Behoort tot de Zeeuwse zes.
ZWARTSPRIETDIKKOPJE
Spanwijdte 22 -26 mm. Vliegtijd van juni tot september in één generatie. De soort overwintert als ei. Komt vooral voor op grassoorten die groeien op zonnige plaatsen.
DISTELVLINDER
Spanwijdte 45 – 60 mm. Vliegtijd van april tot oktober in meerdere generaties. Overwintering als rups, maar alleen ten zuiden van de Alpen: het is een trekvlinder. Ze vliegen laag over obstakels heen, in tegenstelling tot standvlinders die er omheen vliegen.
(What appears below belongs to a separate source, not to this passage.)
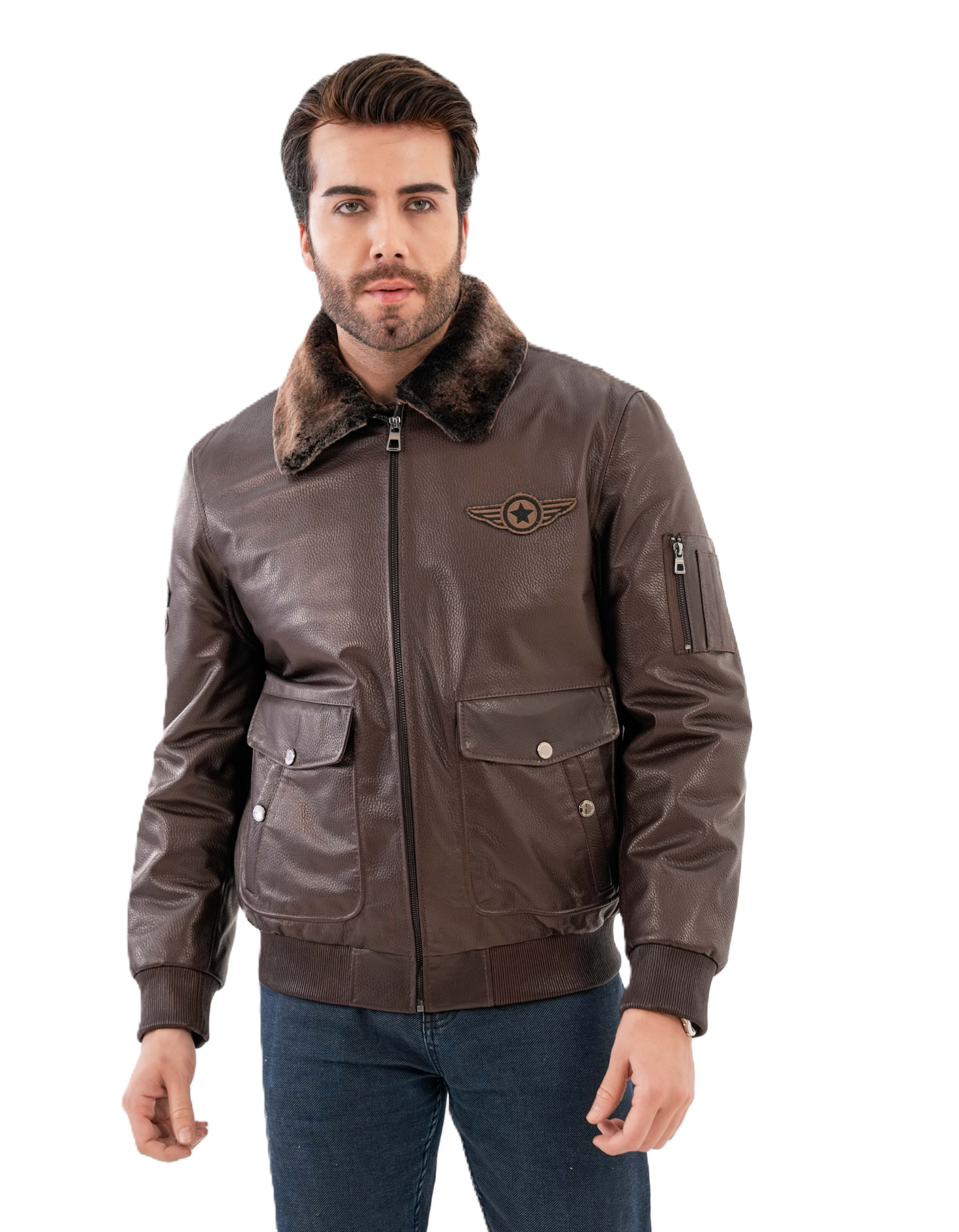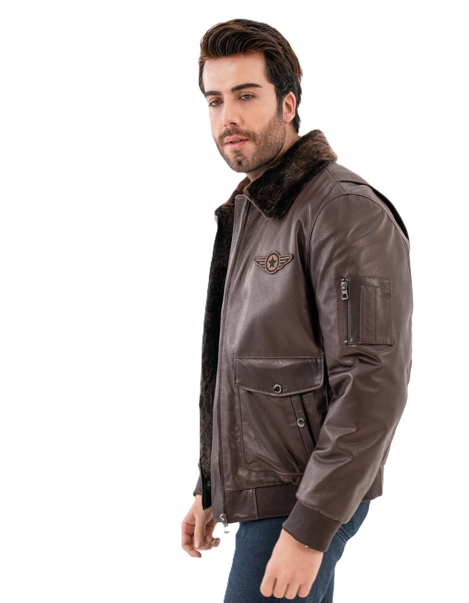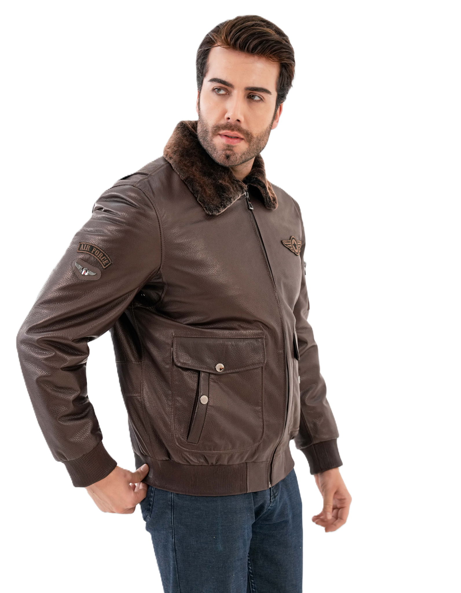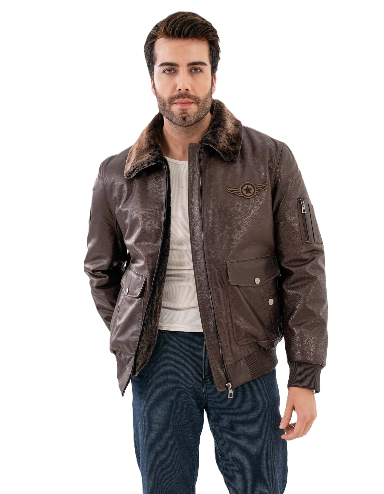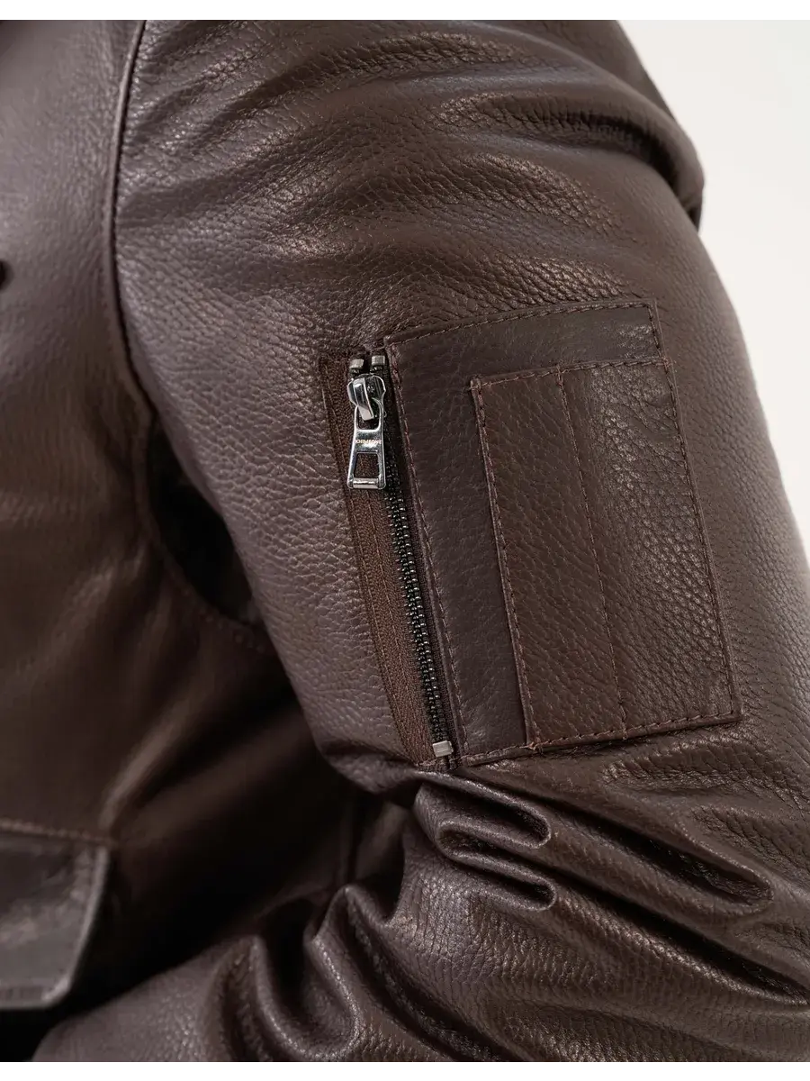 Куртка кожаная мужская зимняя "пилот" из натуральной кожи высокого качества на натуральном меху. Выполнена из кожи с "пористой" и неоднородной структурой подтверждающей натуральность, естественность кожи и предающей ей более дорогой вид в сравнении с "гладкой" кожей. Так же этот способ обработки кожи позволяет одежде сшитой из нее быть более износоустойчивее к царапинам и воздействию окружающей среды поэтому изделия из неё дольше сохраняют отличный внешний вид. Воротник и подкладка из натуральной овчины. Имеется четыре наружных кармана. Два боковых для рук и два с верхней загрузкой. Туда кладут ценные вещи так как из них исключено случайное вываливание. Два внутренних кармана на молнии. Кожа, мех и пошив-Турция.

Is groter dan de Kleine vos en lichter van kleur. Let op de vijf oogvlekken op de onderzijde van de vleugels.
HERMELIJNVLINDER
Spanwijdte 45 – 70 mm. Vliegtijd in mei en juni, leeft op populier en wilg. Overwintering als pop. Bij verstoring komen er twee vuurrode, kronkelende draden uit zijn gevorkte staart naar buiten. Het is een dagactieve nachtvlinder.
GAMMA-UIL
Voorvleugellengte 13 – 21 mm. Vliegtijd april tot oktober, leeft op allerlei kruidachtige planten, waaronder braam, walstro, klaver en brandnetel. Het belangrijkste kenmerk is de opvallende zilverkleurige Y-vormige vlek in het midden van de voorvleugel. Zowel de grootte als de kleur kunnen sterk variëren. Het is een dagactieve nachtvlinder.